From Casetext: Smarter Legal Research

State v. Gattis

Superior Court of Delaware, New Castle County
May 15, 2002
I.D. No. 90004576DI (Del. Super. Ct. May. 15, 2002)

Opinion

I.D. No. 90004576DI.

Submitted: April 11, 2002.

Decided: May 15, 2002.

UPON PETITIONER'S MOTION FOR STAY OF FURTHER PROCEEDINGS.

GRANTED.

Loren C. Meyers, Esquire, Deputy Attorney General, Wilmington, Delaware, for the State.

Kevin J. O'Connell, Esquire, Wilmington, Delaware, Attorney for Defendant, Robert Gattis.


OPINION


In this capital murder case, Defendant Robert Allen Gattis has filed a Motion for Stay of Further Proceedings. The motion was filed on April 11, 2002, two days after filing a Motion for Postconviction Relief, the second such motion filed by Gattis.
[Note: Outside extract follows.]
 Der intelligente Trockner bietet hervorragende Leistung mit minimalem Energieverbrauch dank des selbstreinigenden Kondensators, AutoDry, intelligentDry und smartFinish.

This motion seeks to delay any ruling on defendant's recently filed postconviction motion until the United States Supreme Court has ruled in Ring v. Arizona, a case which challenges the Arizona death penalty sentencing procedure on the ground that it is unconstitutional because it removes the fact finding necessary to impose the penalty of death from the jury and places it with the Court. The case will determine the applicability of Apprendi v. New Jersey, a decision which held that any fact that increases the penalty for a crime beyond the statutory maximum must be decided by a jury and proved beyond a reasonable doubt. While Delaware's capital sentencing scheme is not identical to Arizona's, it does place ultimate responsibility for the imposition of the death penalty with the Court, thus making Delaware's statute susceptible to scrutiny as well. Since a broad ruling in Ring could affect his case, Gattis claims he has established a basis for this Court to grant his Motion for Stay.
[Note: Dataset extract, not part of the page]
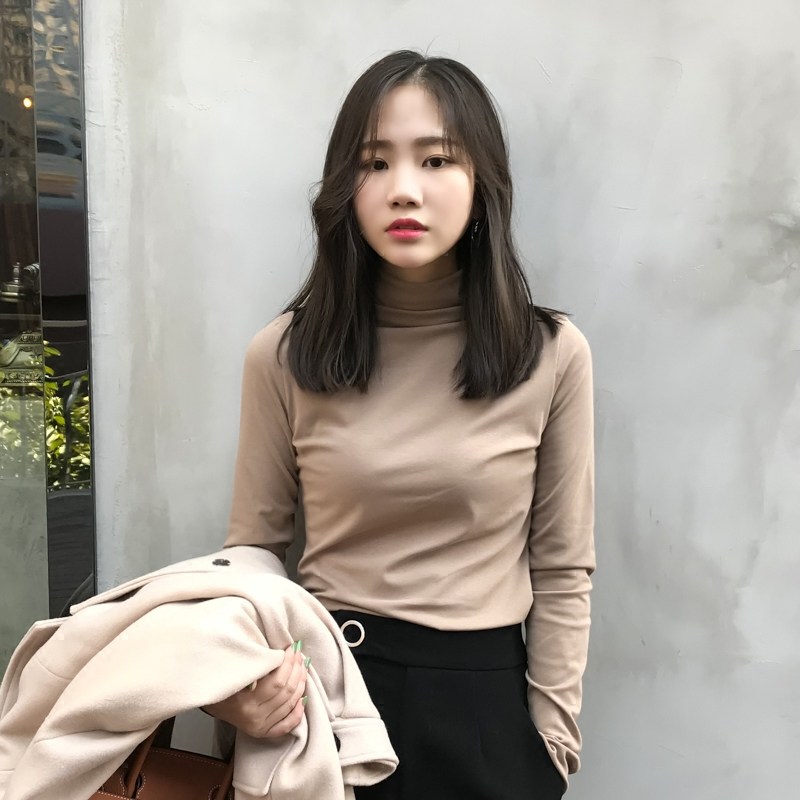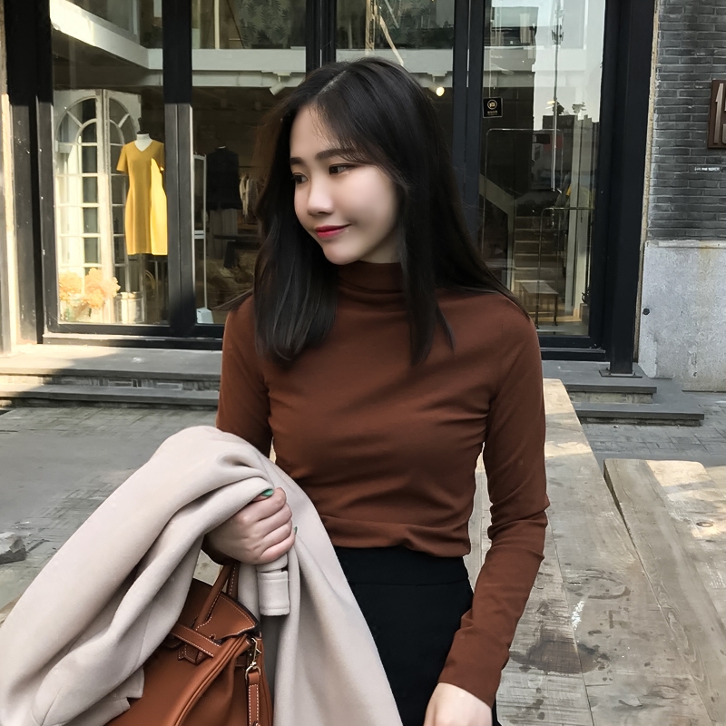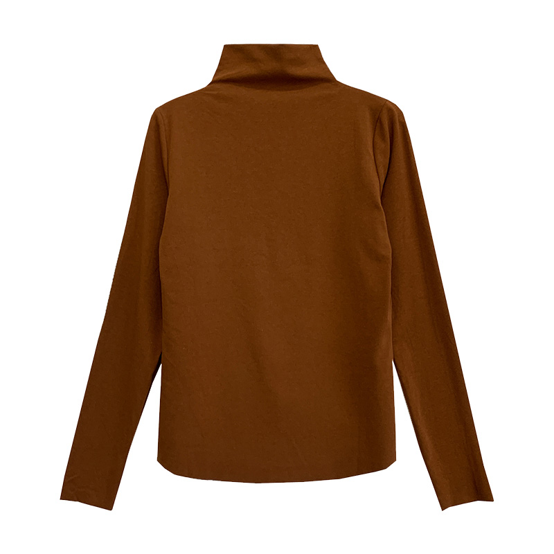 📚 元熙2026春新款半高领磨毛长袖T恤女内搭卡其色打底衫堆堆领上衣

25 P.3d 1139 (Ariz. 2001), cert. granted, 151 L.Ed.2d 758 (Jan. 11, 2002).

530 U.S. 466 (2000).

The gruesome facts leading up to Gattis' conviction and sentence for murder have been recounted in numerous decisions of both state and federal courts. In essence, after kicking in his girlfriend's apartment door, Gattis shot her between the eyes with a .38 caliber handgun. Her murder ended a stormy romantic relationship that had spanned some six years. During this time, Gattis pled guilty to second-degree assault and first-degree reckless endangering for pistol-whipping a man in a bar after Gattis discovered him talking to his girlfriend. For these offenses, Gattis was sentenced to five years imprisonment, suspended for probation.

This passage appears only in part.